Trying to read the Rune’s on the future oil market must be a tough proposition for North American oil refiners. They not only have to predict the direction of oil prices and of likely demand but also second guess the pace and direction of environmental legislation impacting their industry. That may seem like a no-brainer. It will get tougher you would say, but at the same time that President Obama is making pro environmental noises ultimately ineffective, at the failed Copenhagen summit his administration had already approved a 1000 mile pipeline to carry up to 800,000 barrels a day of oil from Canada’s oil sands deposits to American refineries. The project, likely to cost some USD 2bn, has faced tough opposition from environmental groups keen to keep Athabasca oil sands crude out of the US.
Meanwhile the refineries are making massive investments to accommodate the heavy high bitumen and sulfur containing crude from the oil sands in the belief this will be a long term feature of the refining mix in North America in the future. At least two proposals for new refineries and about a dozen expansions to process tar sands have been made in 2009 according to an article in the Financial Times. The article says many refinery expansions are already underway including those by BP, ConocoPhillips, Valero and Marathon. Analysts are quoted as estimating pipeline companies and refiners plans to invest more than USD 31bn by 2015 to export, process and distribute oil sands products creating a huge opportunity for stainless and steel suppliers to the industry. You can understand the refiners’ enthusiasm. The tar sands reserves are estimated at 175bn barrels of oil and they could see oil companies making plans to pour money into oil sands production as the oil price rose in 2007/8. But some of the steam has gone out of that market as environmental pressures have mounted. Shell is raising its tar sands production with the $14bn expansion of its 60% owned Athabasca Oil Sands Project to a capacity of 255,000 barrels a day due to be completed next year but have shelved earlier plans to raise production to 700,000 barrels a day. It’s not just the oil price either. Operators are reducing project cost estimates as post recession costs feed through and a switch to more conventional technologies is adopted. Husky Energy and BP have reduced their cost estimates at their Sunrise project to USD 2.5bn from an earlier USD 3.8bn. The scaling back of project plans has more to do with concerns over the medium to long term viability of tar sands extraction that emits high levels of green house gasses. In an increasingly carbon centric investment environment, oil companies worry that they should not over invest in a resource where producing a barrel of synthetic crude from oil sands results in greenhouse gas emissions three to five times greater than a barrel of conventional crude.

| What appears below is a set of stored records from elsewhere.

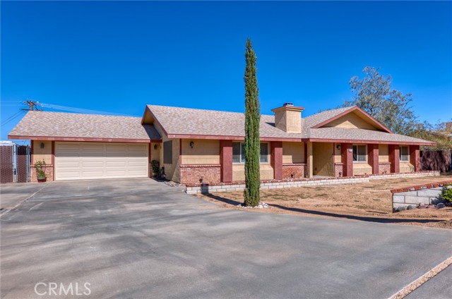 Welcome to this beautifully maintained 3-bedroom, 2-bath home nestled in the desirable Sky Harbor neighborhood of Yucca Valley, a peaceful, upscale pocket known for its wide streets, pride of ownership, and proximity to both town conveniences and Joshua Tree National Park. Spanning 1,690 square feet, this residence has been lovingly cared for and thoughtfully updated, offering comfort, style, and functionality in every detail. From the moment you step through the entryway, a mosaic tile inlay sets an elegant tone. The home features oversized ceramic tile floors in the kitchen and halls, new carpet and padding in the living areas and bedrooms, and a new HVAC system with upgraded ducting for year-round comfort. The spacious living room welcomes you with vaulted ceilings, abundant southern natural light, and a stone-faced fireplace with a new pellet insert and blower, the perfect centerpiece for cozy evenings. The expansive kitchen is a chef's dream, offering solid honey oak cabinetry, stainless steel appliances including a double oven, a glass tile backsplash, and a sink overlooking the backyard. With an eat-up breakfast bar and a walk-in pantry, there's no shortage of storage or counter space. A dining area just off the kitchen opens through new sliding glass doors to the backyard, creating a seamless indoor-outdoor flow ideal for entertaining. The guest bathroom features a long vanity with ample counter space, a shower/tub combo, and designer glass tile backsplash reaching to the ceiling. Both guest bedrooms are generously sized with ceiling fans, new carpet, and great natural light. The primary suite offers vaulted ceilings, plush carpet, and a private bath with a large walk-in shower and tile countertops.Step outside to your private backyard oasis, a north-facing covered patio perfect for lounging in the shade, an above-ground pool with wood decking, and lush desert landscaping accented by fruit trees and a storage shed. The yard is fully fenced and thoughtfully designed for low maintenance living. Additional highlights include a 30-amp RV hookup with clean-out and new retaining walls in the front yard, adding both function and curb appeal. Ideally situated just minutes from shopping, dining, and highly rated schools, this home also offers quick access to the Black Rock hiking trails, Joshua Tree National Park, and the vibrant arts and dining scene of downtown Yucca Valley. This home is prefect for a full time residence or desert retreat.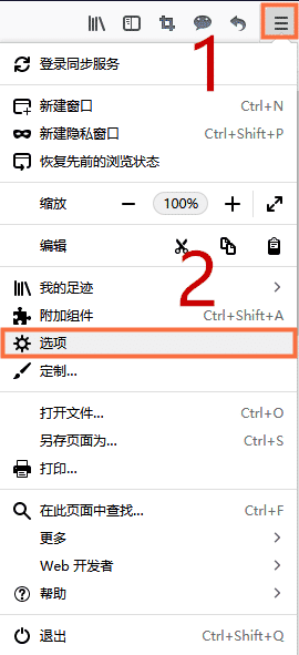 1、打开Firefox浏览器,打开菜单—选项,如图所示: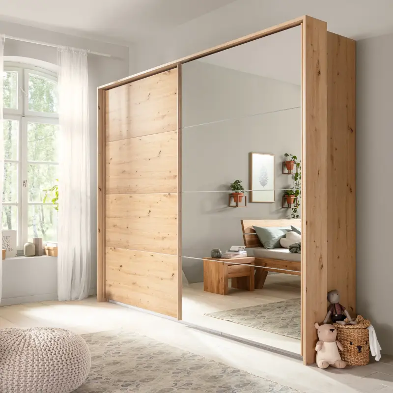 2-türig, in Eiche Artisan Nachbildung mit Spiegel, inklusive Passepartout. Maße: B/H/T ca. 271x229x62 cm.
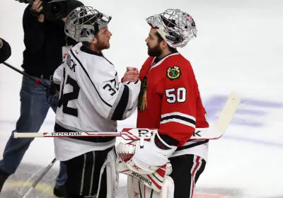 Jun 1, 2014; Chicago, IL, USA; Los Angeles Kings goalie Jonathan Quick (32) shakes hands with Chicago Blackhawks goalie Corey Crawford (50) after game seven of the Western Conference Final of the 2014 Stanley Cup Playoffs at United Center. Mandatory Credit: Dennis Wierzbicki-USA TODAY Sports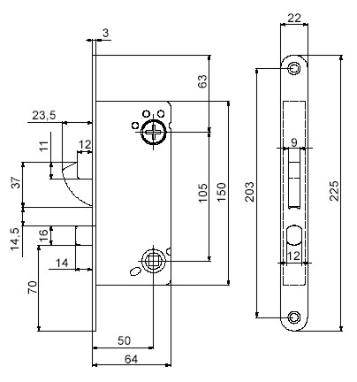 Låshus 411-50 för entrédörrar, skjut- och pendeldörrar försedda med draghandtag/tryckplatta. Uppfyller fordringar enligt Svensk Standard SS 3522, klass 3. Ingår i av försäkringsbolag godkänd låsenhet. Automatisk förregling av hakregel vid 360° nyckelvridning. Härdad och tvångsstyrd hakregel

So although the Canadian tar sands are known to contain the second largest probable reserves after Saudi Arabia, unless a wholly new and much less polluting way of extracting them is developed they are likely to remain very much a marginal source for US oil supplies. The refining capacity may be in place and a new pipeline can move the raw material from source to market but if producers are not willing to pour the billions into developing the extraction facilities the Athabasca oil sands reserves will remain a sideshow.